The original bug was a way to compose query string parameters (the part of the URL after the ?) that permitted injecting executable code in a form. The new bug is a variation where the malicious query string is part of a redirect URL passed through the query string, so it doesn't get filtered with the previous patch, because it has escaped characters. So it's not really a new bug, but rather plugging an oversight on the original patch.

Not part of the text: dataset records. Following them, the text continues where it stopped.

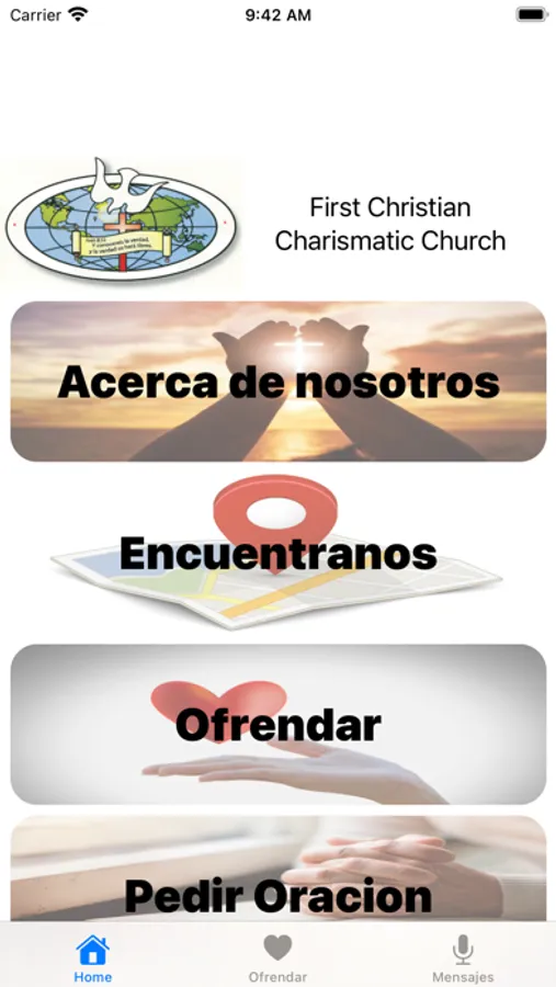 Esta App móvil ha sido diseñada para aportar a los miembros de la Primera Iglesia Carismática de Meriden en Connecticut USA, una herramienta que les permita tener acceso inmediato a la información de la iglesia, tales como: misión, visión, ubicación, números y medios de contacto, el calendario mensual de actividades y una galería de fotos que nos permiten rememorar la obra que Dios ha hecho, hace y seguirá haciendo en medio nuestro.
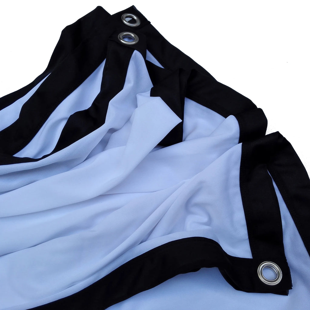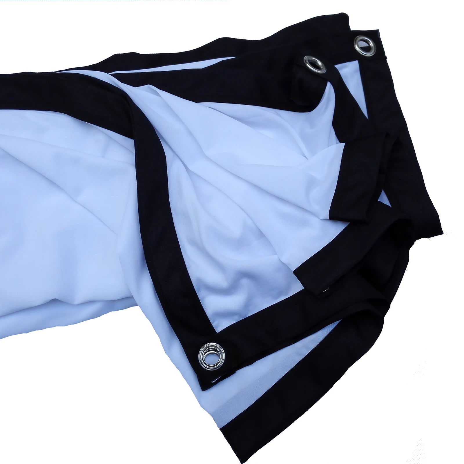 Made from wrinkle-free polyester material, this screen offers a smooth surface for optimal image clarity, supporting both front and rear projection. Its compact, foldable nature allows for convenient storage, making it ideal for small spaces and on-the-go use. The screen is designed with black edges and eyelets, enabling easy installation with hooks, nails, tape, or ropes. Additionally, it is machine washable, ensuring maintenance is hassle-free.
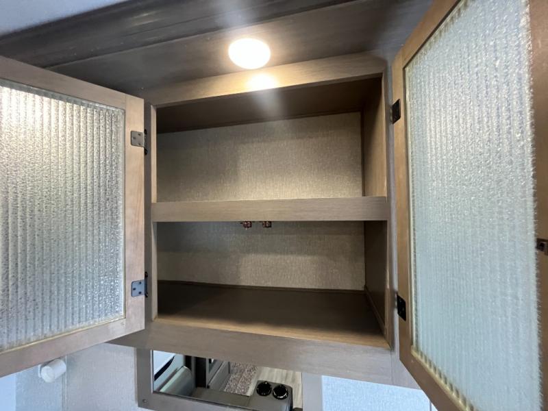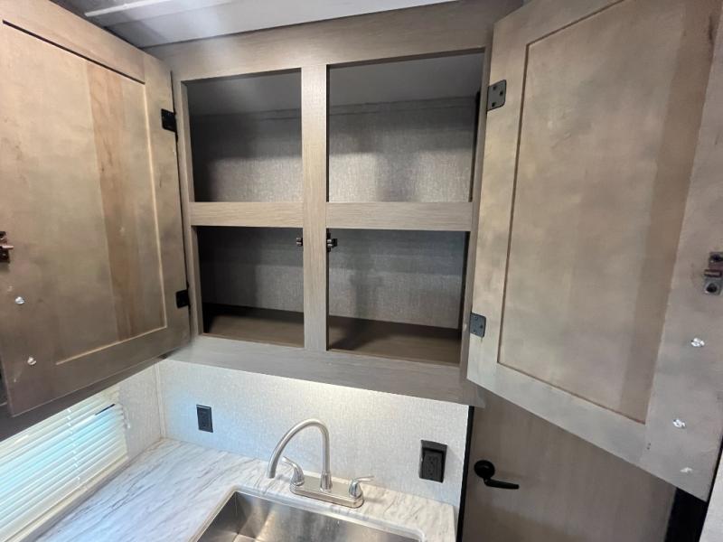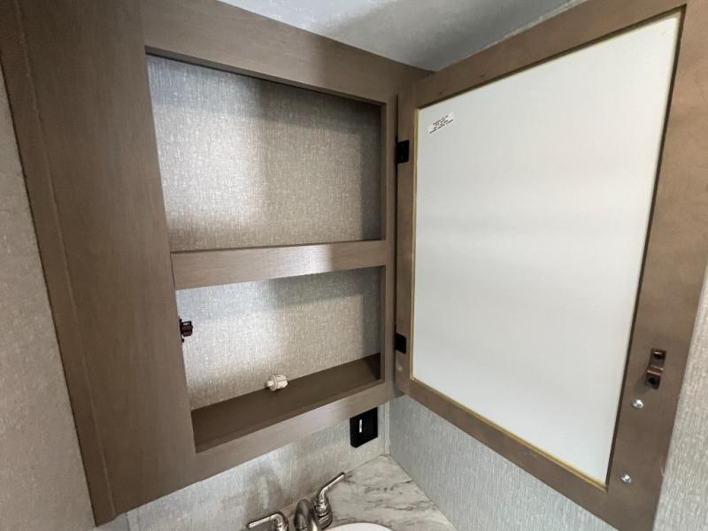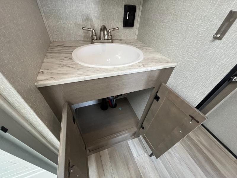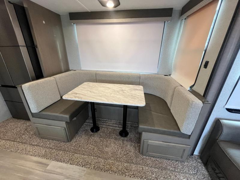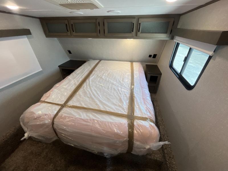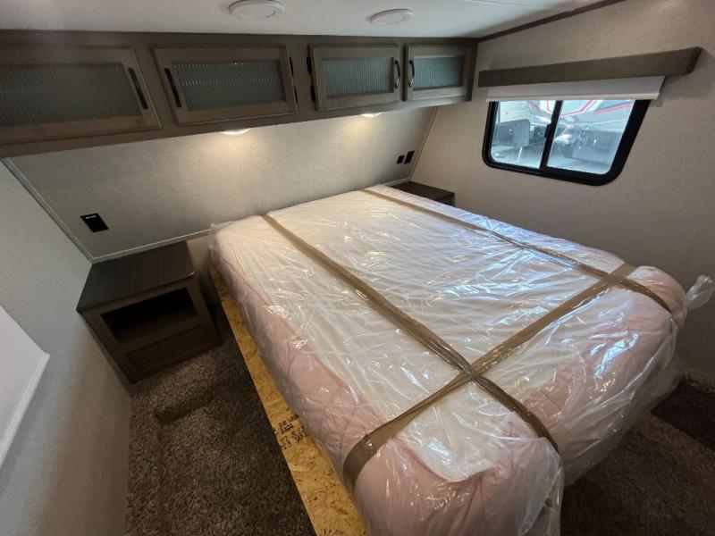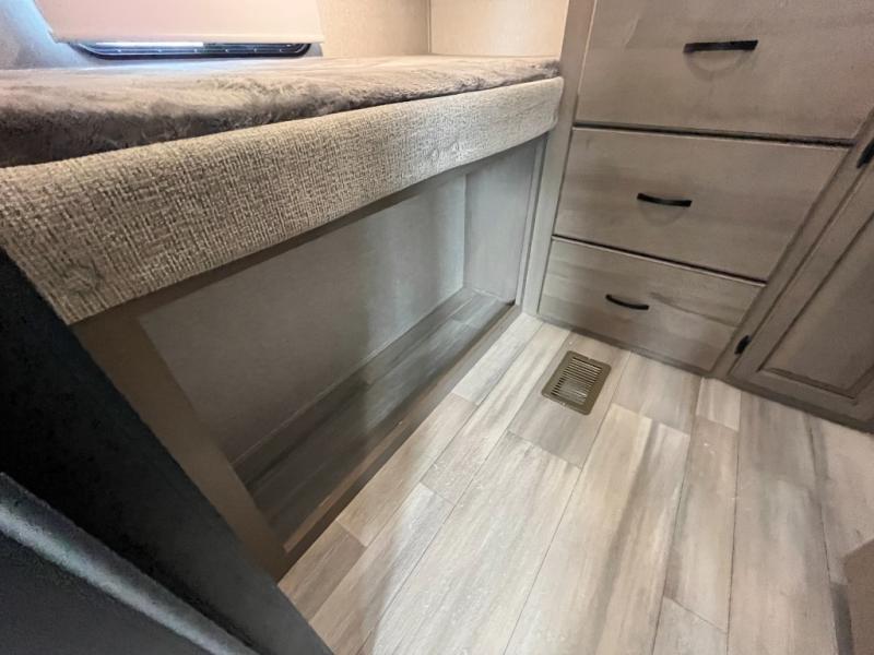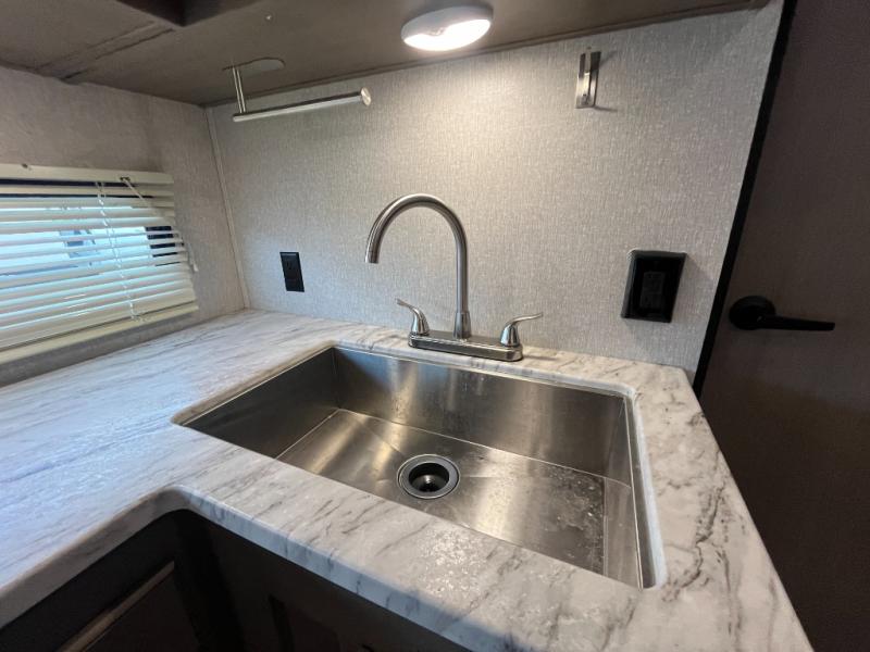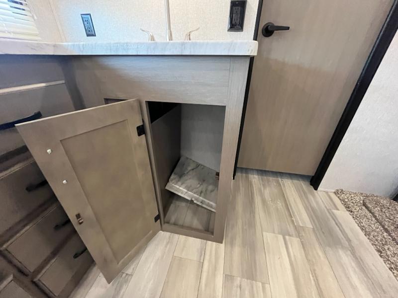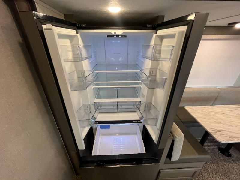 The whole family will have a fun time camping in this fifth wheel! The kiddos will love having their own rear private bunkhouse which has a 30" x 62" bunk bed and a 30" x 74" bunk bed above a 38" x 74" bottom bunk. Enjoy your own privacy with the front private bedroom with a residential queen bed that has hidden compartmentalized storage/drawers underneath it and a large wardrobe with hanging storage for your clothes. You can even transform the tri-fold hide-a-bed sofa and U-shaped dinette into extra sleeping spaces for more guests to join in on the fun. The chef can either prepare their delicious meals indoors with the XL stainless steel oven and residential cooktop or breathe in some fresh air while cooking at the outside kitchen while staying protected by the 16' electric awning!
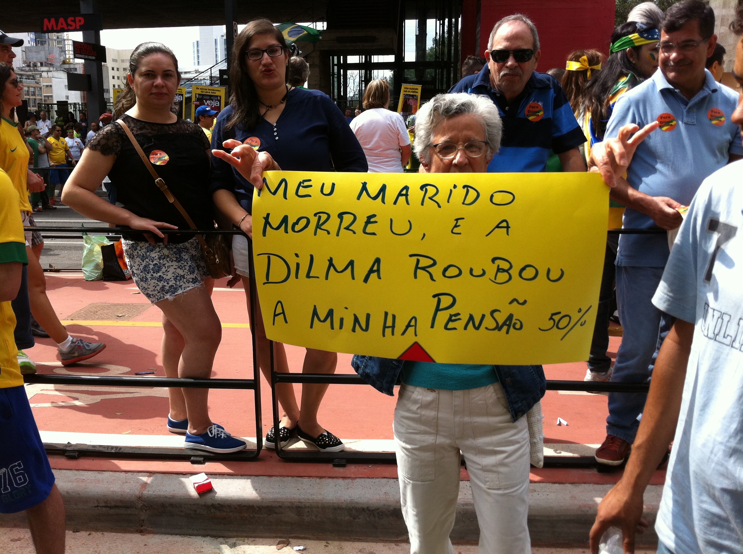 Uma senhora fofa empunhava um cartaz no qual se lia: “Dilma, pena que não te enforcaram no Doi Codi”
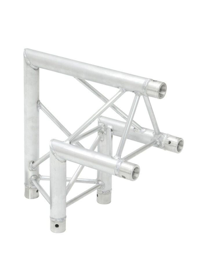 TRILOCK 6082 3-point truss system TRILOCK 6082 is a 3-point truss system made of aluminum. The individual elements are connected via three cones, pivots and pins. TRILOCK 6082 is made of EN-AW 6082 T6 (AlMgSi1 T6) alloy for even higher loads. The advantage of the conical connection system is that the cones completely fit into the main chords so that highest load capacity is guaranteed. The Quick-Lock system enables fast, efficient and highly aesthetic assembly when the truss constructions are frequently assembled and dismantled. The three main chords are made of 50 mm aluminum tube with 2 mm wall thickness and offer a good relation between strength and weight. The braces have a diameter of 16 mm with 2 mm wall thickness and leave enough space for installing couplers, hooks and clamps. With 290 and 257 mm outer dimensions, TRILOCK QTTR is a stable truss system for higher loads and extended durability. This system is mainly designed for intense use in stage installations, fair installations, event installations but also for permanent installations in discotheques and theatres. Its polished surface makes this universal system a real eye-catcher. Due to its wide range of standard system lengths, corners, circles and accessory, this system is highly versatile and offers unlimited design possibilities. The production of this truss system is TUV-monitored. The load table as calculation base can be downloaded from the Internet before buying the product! Please note: this truss system must never be combined with other systems!

On the positive side: Drupal has security audits of its core and 3rd party components, you get emails with any security updates and the patches are available through a centralized mechanism... so it's ahead of Wordpress and other platforms with no centralized module library. Release of the patches was announced ahead of time so we could prepare for them. I
On the negative side: Drupal has fundamental architectural problems of (almost) not having boundaries between data and code. It's form API (which had the original bug) is very practical and implements a lot of great security features, but it's an unfathomable mess... VERY hard to track what it does and very hard to properly use (for 3rd party module developers), since its internal workings are not properly documented. Also, Drupal has a very very extensible architecture allowing for all sort of pluggable behavior, which also means it's very very hard to track the flow of data... this was a bug present at least since Drupal 6 (released in 2008) because it was not easy to see how data could move from the query string into the PHP structures used to define forms without proper filtering. The new-ish Drupal 8 has a more mature OO architecture, probably cleaner, but even harder to follow without actually running the code with a debugger.